The Return of "They" as Our "Current Leaders" and Unhelpful Government [Victor Davis Hanson]
It is critical for the Obama campaign to repackage Michelle's message via set-speeches and the avoidance of impromptu theorizing, in which her Ivy-League/Chicago political referents start to reappear — in cascading fashion. Her recent USA Today interview is an improvement, but even here she starts in on the old refrain a bit too much.

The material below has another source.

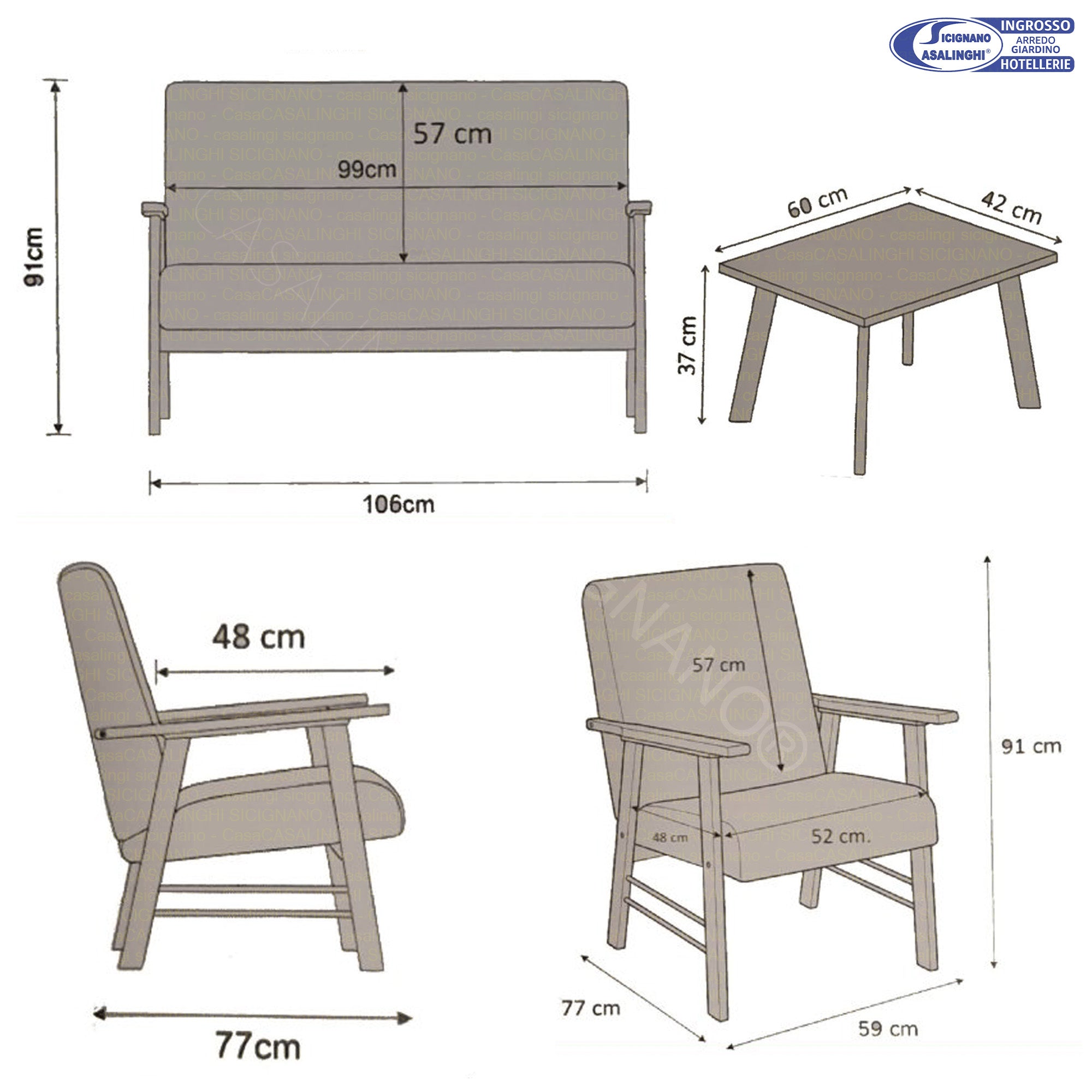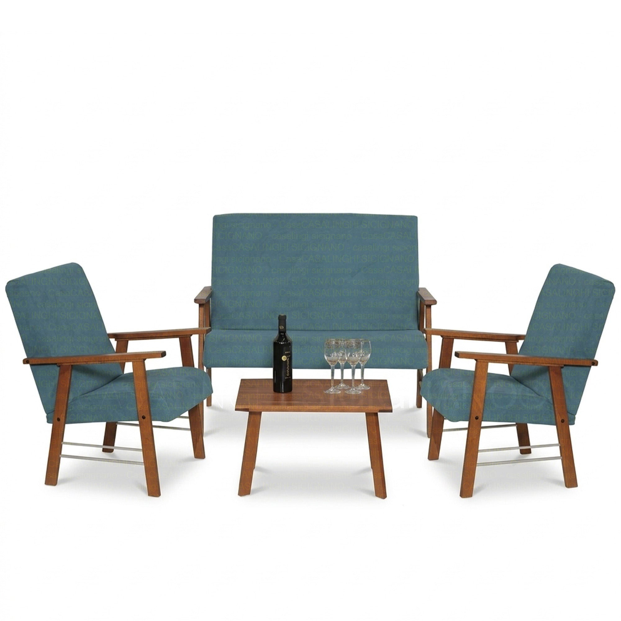 Set Ortigia Poltrone con Divano e Tavolino, 4 Posti, per Interni | 2 Colori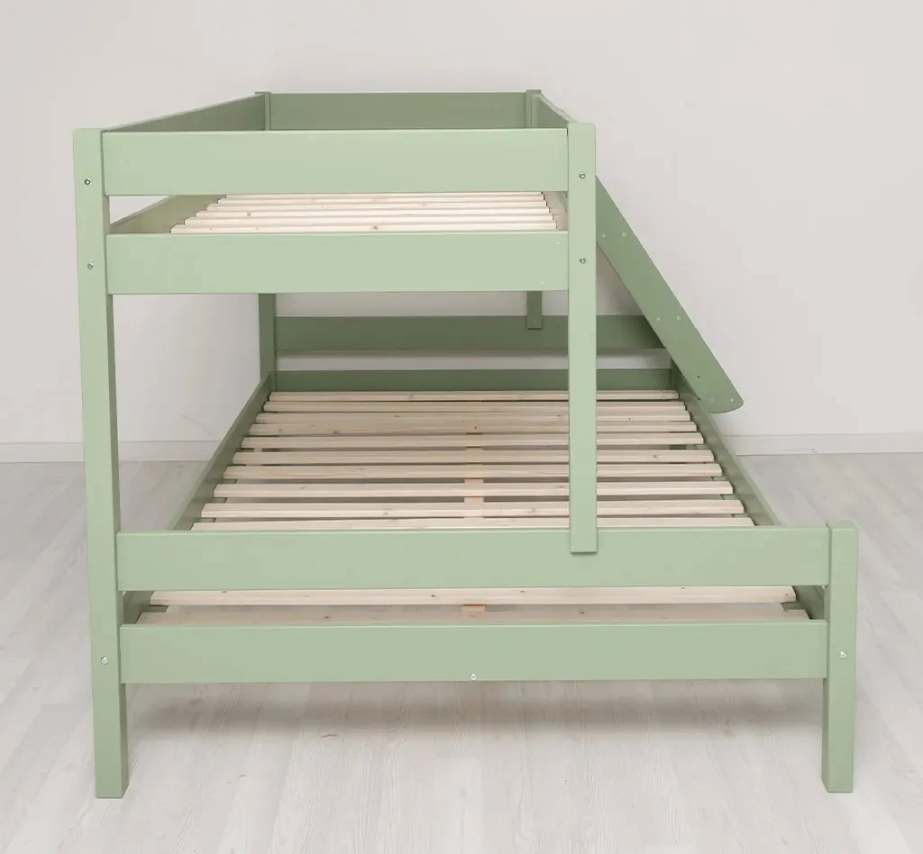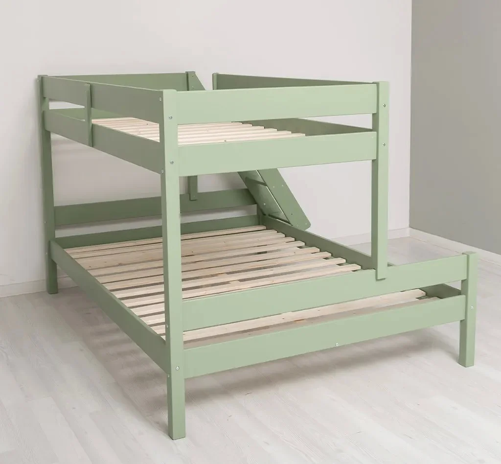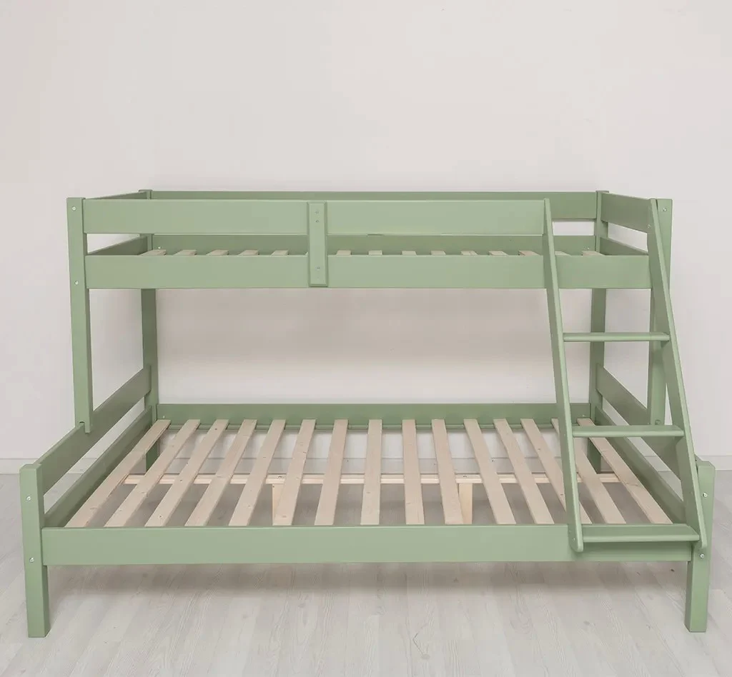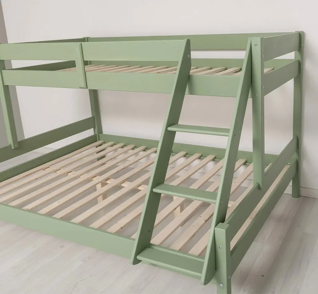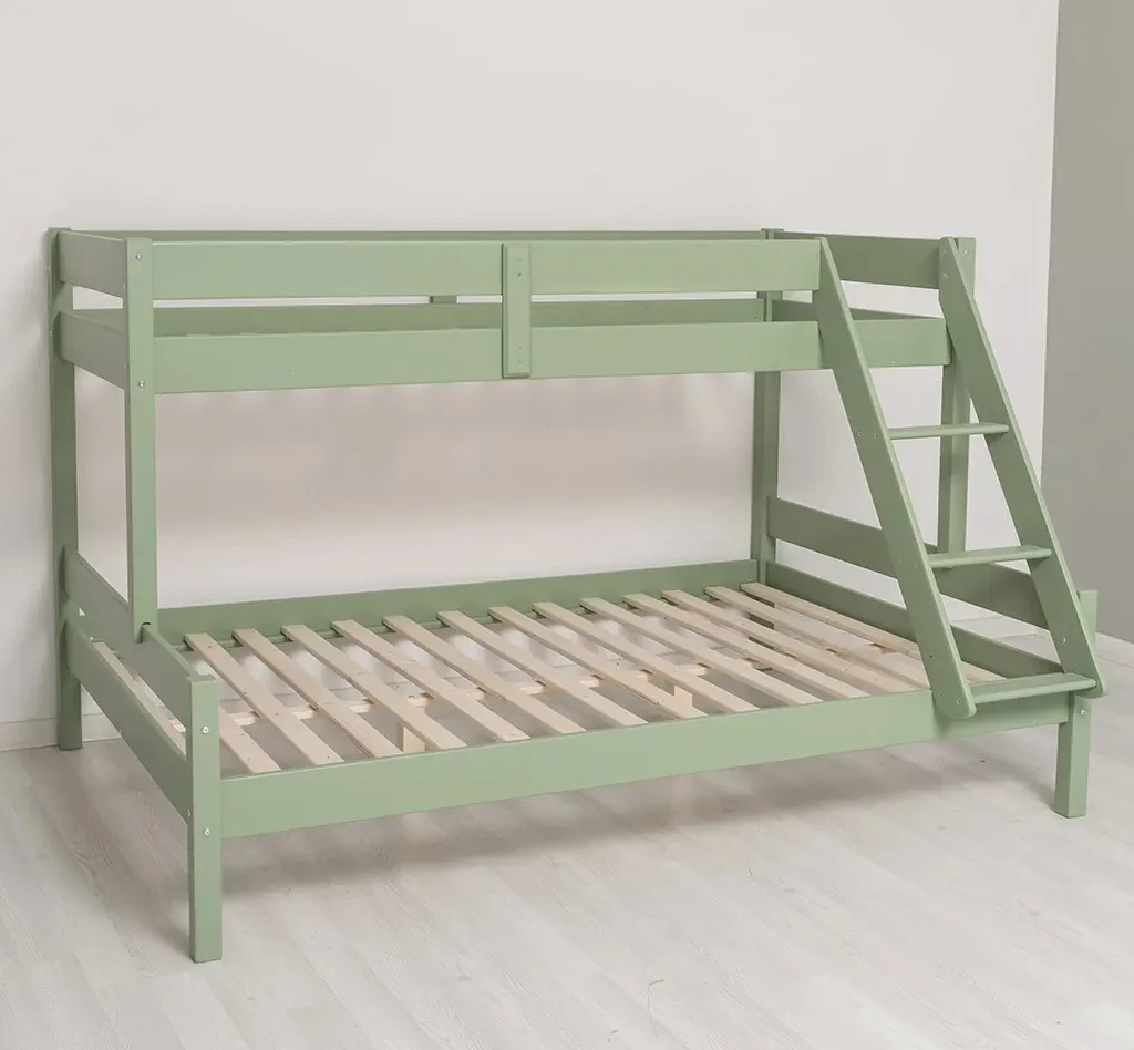 Patul Twinny supraetajat pentru 3 persoane din lemn masiv de brad 90/140x200 cm este o soluție practică și durabilă pentru optimizarea spațiului într-o cameră. Construit din lemn natural, acesta oferă două zone de dormit: pat superior de 90x200 cm și pat inferior de 140x200 cm, fiind ideal pentru copii, adolescenți sau spații de cazare.

According to the USA Today interview, "She criticized current leaders for telling Americans that "if your world is fine, don't worry about anyone else." And "She also talked about people who work hard and are grateful, but at some point "have to say 'enough' " to a government that doesn't help."
I don't know any leaders, specially in a campaign season, who ever say "If your world is fine, don't worry about anyone else." All we are hearing this season (and at a time of national indebtedness and a resulting record weak currency), is a sort of bipartisan competition to fund as many initiatives as are imaginable, from health care, energy, and mortgages to education and veterans benefits, to serve the American public.
I don't know anyone who doesn't "worry about anyone else"— not this season of our discontent when we worry about everything from Iran and energy to our national and international debt. With entitlements and debt servicing utilizing about 70 percent of the federal budget, and with 96 percent of GDP going to non-defense expenditures, it's hard to imagine that we have to say "enough" to a tiny government that "doesn't help."
The problem, for the nth time, is not just the liberal traditional call for much bigger government, more taxes on the undeserving wealthy, and more redistributive entitlements for the truly deserving, but the manner in which the give-me agenda is voiced and framed. There is once again the edge that borders on the whiny that somehow a somebody bad out there is doing all these terrible things, whether, as in the USA Today interview, we now define that nebulous bad bogeyman as a "government" that doesn't help or "current leaders" that advocate selfishness.
I have some sympathy for the Obama handlers. Michelle is obviously bright and accomplished (and "feisty" as her husband put it), so it is difficult to politely explain to her that her previous educational and political landscape is not necessarily of advantage in winning key constituencies central to her husband's election. While all would like government money, they want it in Clintonesque bite-the-lip fashion, rather than in the same old/same old, blame-someone- for-not-giving-me-my-due mode.